PART I.  FINANCIAL INFORMATION

     ITEM 2.  MANAGEMENT'S DISCUSSION AND ANALYSIS OF
              FINANCIAL CONDITION AND RESULTS OF OPERATIONS

LIQUIDITY AND CAPITAL RESOURCES

     The Partnership had cash and cash equivalents of approximately $832,000
at March 31, 2000.  Such funds (together with amounts, if any, to be received
from the Partnership's unconsolidated affiliated corporation, 1225 Investment
Corporation) are available for payment of the Partnership's remaining
expenses and liabilities, with any remaining amounts to be distributed to the
holders of Interests and General Partners, pursuant to the Partnership
Agreement, upon the liquidation of the Partnership.

     Reference is made to the notes to the accompanying financial statements
for additional information concerning the Partnership's investments.

     The board of directors of JMB Realty Corporation ("JMB"), the corporate
general partner of the Partnership, has established a special committee (the
"Special Committee") consisting of certain directors of JMB to deal with all
matters relating to tender offers for Interests in the Partnership, including
any and all responses to such tender offers.  In early 1999, an unaffiliated
third party made an unsolicited tender offer to purchase up to 4.9% of the
Interests at $170 per Interest.  This offer has expired.   The Special
Committee recommended against acceptance of this offer on the basis that,
among other things, the offer price was inadequate.  As of the date of this
report, the Partnership is aware that 5.96% of the outstanding Interests have
been purchased by various unaffiliated third parties either pursuant to such
tender offers or through negotiated purchases.

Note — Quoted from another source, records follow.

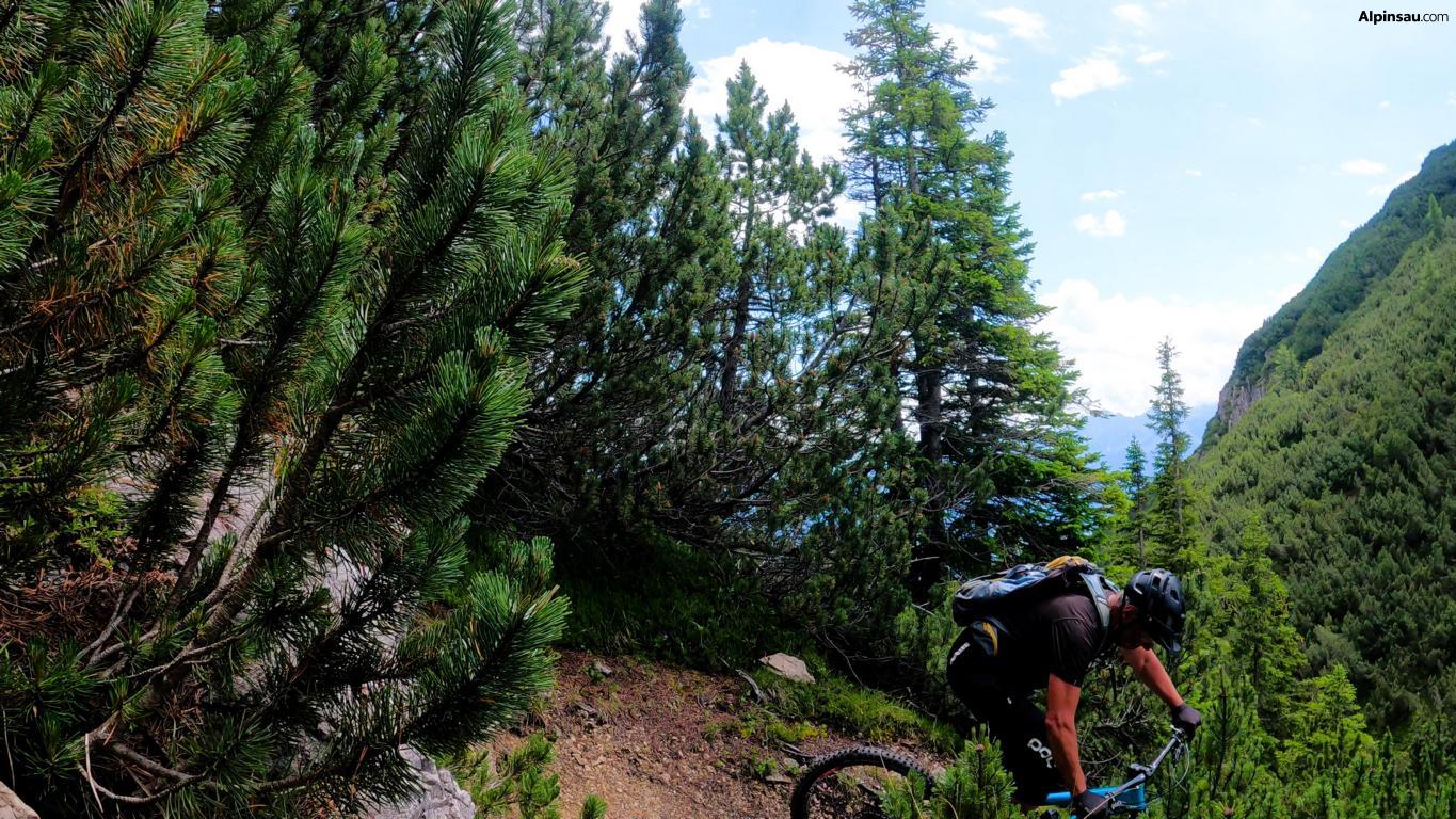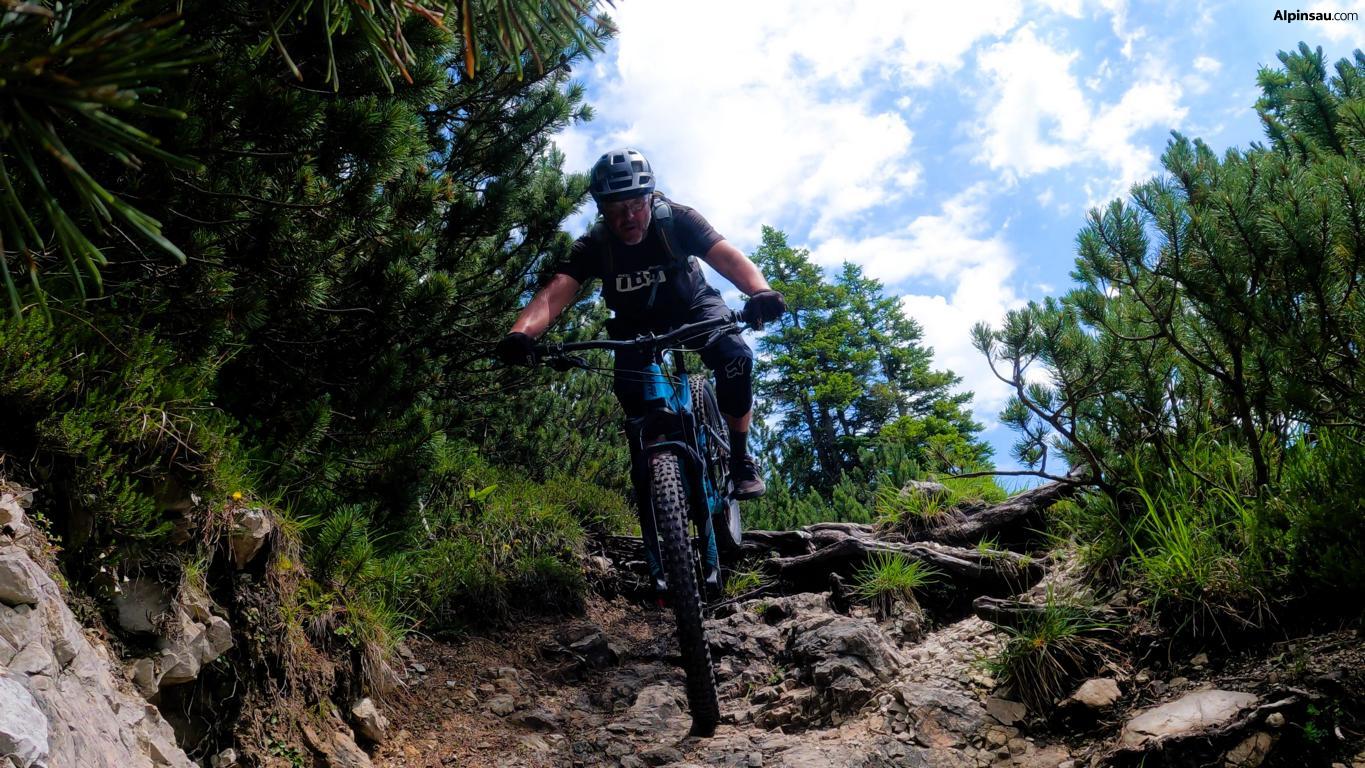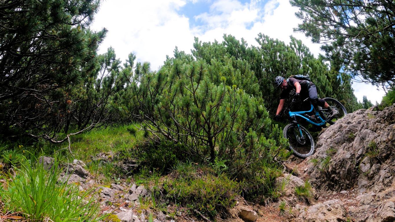 Nach dem Übergang beim Schartlehnerhaus ändert sich der Charakter des Trails deutlich. Der Boden wird griffiger, Waldboden dominiert das Bild – durchsetzt mit Fels- und Wurzelstufen, teils eng gesteckten Spitzkehren und einer natürlichen Linienführung, die Flow und Technik vereint. Die Schlüsselstelle ist eine S4/S5-Passage, die mit viel Fahrtechnik (oder kurzem Absteigen) zu meistern ist. Der Rest des Abschnitts bewegt sich größtenteils im Bereich S2+ mit vielen S3-Spitzkehren.
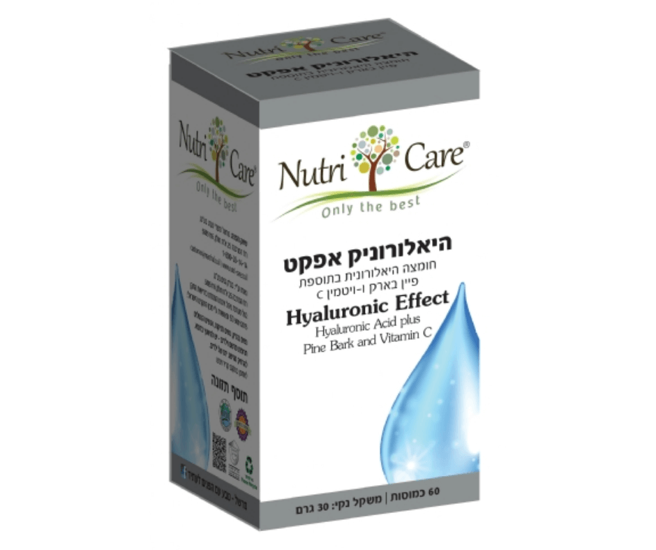 נוטרי קר | היאלורוניק אפקט | חומצה היאלורונית | בתוספת ויטמין C ופיין בארק | מכיל 60כמוסות | מעודד ייצור פנימי נוסף של החומצה ברקמות העור
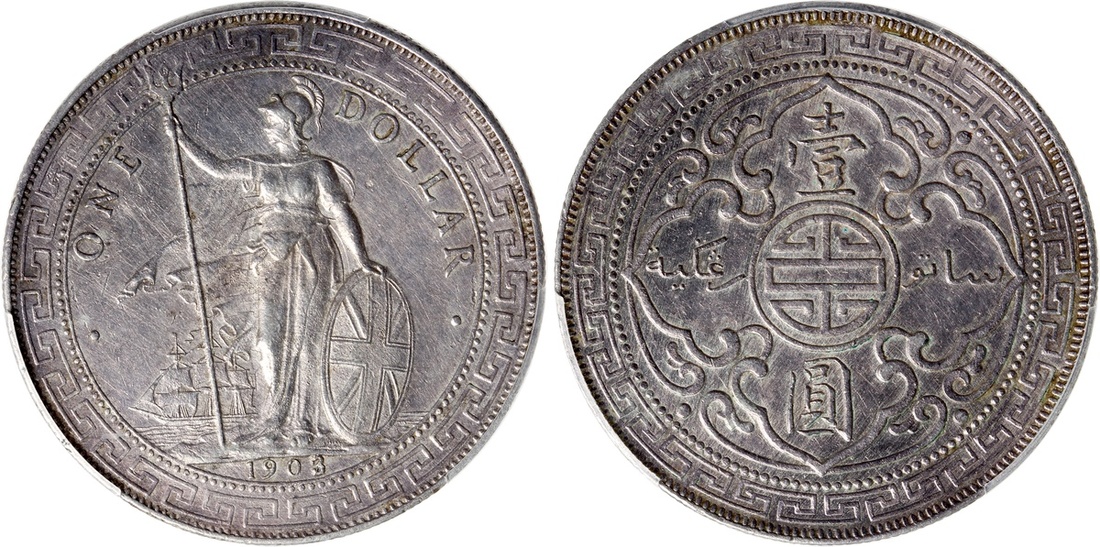 Great Britain, silver trade $1, 1903/2-B overdate, (Prid-15 OD), PCGS Genuined Cleaned - AU Detail
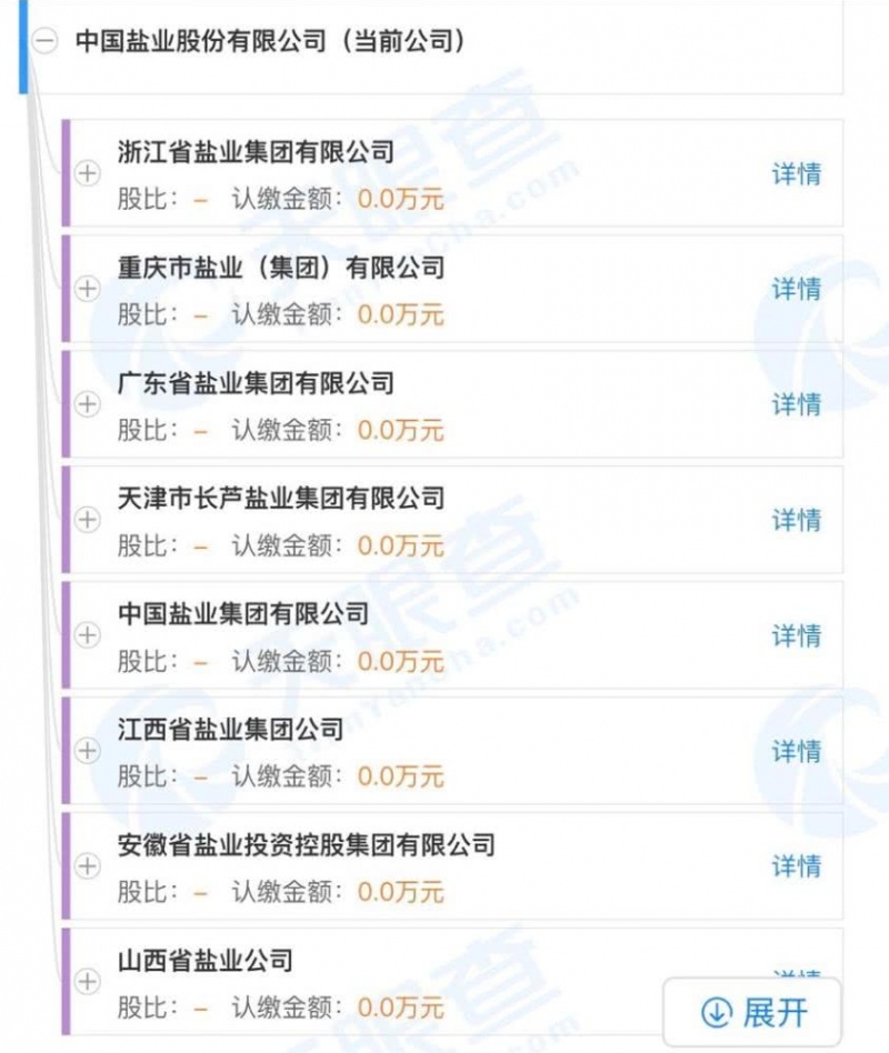 这13家出资者包含国新控股、广东省盐业集团、兴业银行、建信信任、北京川发出资办理有限公司、广西北部湾股权出资基金、茅台建信资管、太钢出资、温氏出资、海宁鑫鸿、重庆化医控股、广西盐业、石羊农业控股,不过到现在中盐方面没有发布各出资者的详细持股明细。
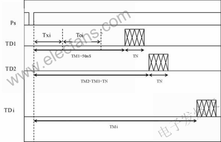圖2描述了進(jìn)行數(shù)據(jù)通信的時(shí)序關(guān)系,當(dāng)光接收器輸出信號(hào)出現(xiàn)下降沿(即Ps=0)時(shí),表示接收到主機(jī)的信號(hào),上升沿到來時(shí)開始計(jì)時(shí),而且以后的數(shù)據(jù)傳送也是以這個(gè)上升沿為參照標(biāo)準(zhǔn)。測(cè)量時(shí)間Txi +T0i 和Txj+T0j不大于40ms。對(duì)于第一個(gè)測(cè)量部件在同步信號(hào)啟動(dòng)測(cè)量以后再延時(shí)TM1≥Txi +T0i就可以傳送數(shù)據(jù)了。為了可靠,本設(shè)計(jì)取TM1=50ms作為測(cè)量過程的延遲時(shí)間。設(shè)每次傳送數(shù)據(jù)的時(shí)間為TN,那么第二個(gè)測(cè)量部件傳送數(shù)據(jù)的延時(shí)就是第一個(gè)延遲時(shí)間加上TN,即:TM2= TM1+TN,后面的延時(shí)TM的計(jì)算依次類推。

     On March 29, 1999, 1225 Investment Corporation completed the sale of
the 1225 Connecticut Avenue, N.W. office building for a sale price of
$52,960,000, payable in cash at closing (subject to adjustment for selling
costs of approximately $1,103,000 and operating prorations of approximately
$515,000).   The Partnership's share of the sale proceeds, after payment by
1225 Investment Corporation to retire the existing mortgage indebtedness
(scheduled to mature in February 2001) with a principal balance of $7,000,000
and payment of the associated prepayment penalty of approximately $247,000,
was approximately $19,420,000. The sale resulted in no significant gain or
loss on sale for financial reporting purposes to 1225 Investment Corporation,
primarily as a result of value impairment provisions totaling $7,765,956
recorded by 1225 Investment Corporation in 1996 and 1998 (of which the
Partnership's share was $3,381,297).  Additionally, 1225 Investment
Corporation recognized a loss on sale in 1999 for Federal income tax purposes
of approximately $1,900,000.  However, the Partnership is expected to
recognize a loss on its investment in its unconsolidated affiliated
corporation, 1225 Investment Corporation, for Federal income tax purposes of
approximately $1,450,000 upon liquidation of such corporation, which is
expected to be in 2000.

     In connection with the sale of this property, as is customary in such
transactions, 1225 Investment Corporation agreed to certain representations
and warranties with a stipulated survival period which expired, with no
liability to 1225 Investment Corporation, as scheduled on December 10, 1999.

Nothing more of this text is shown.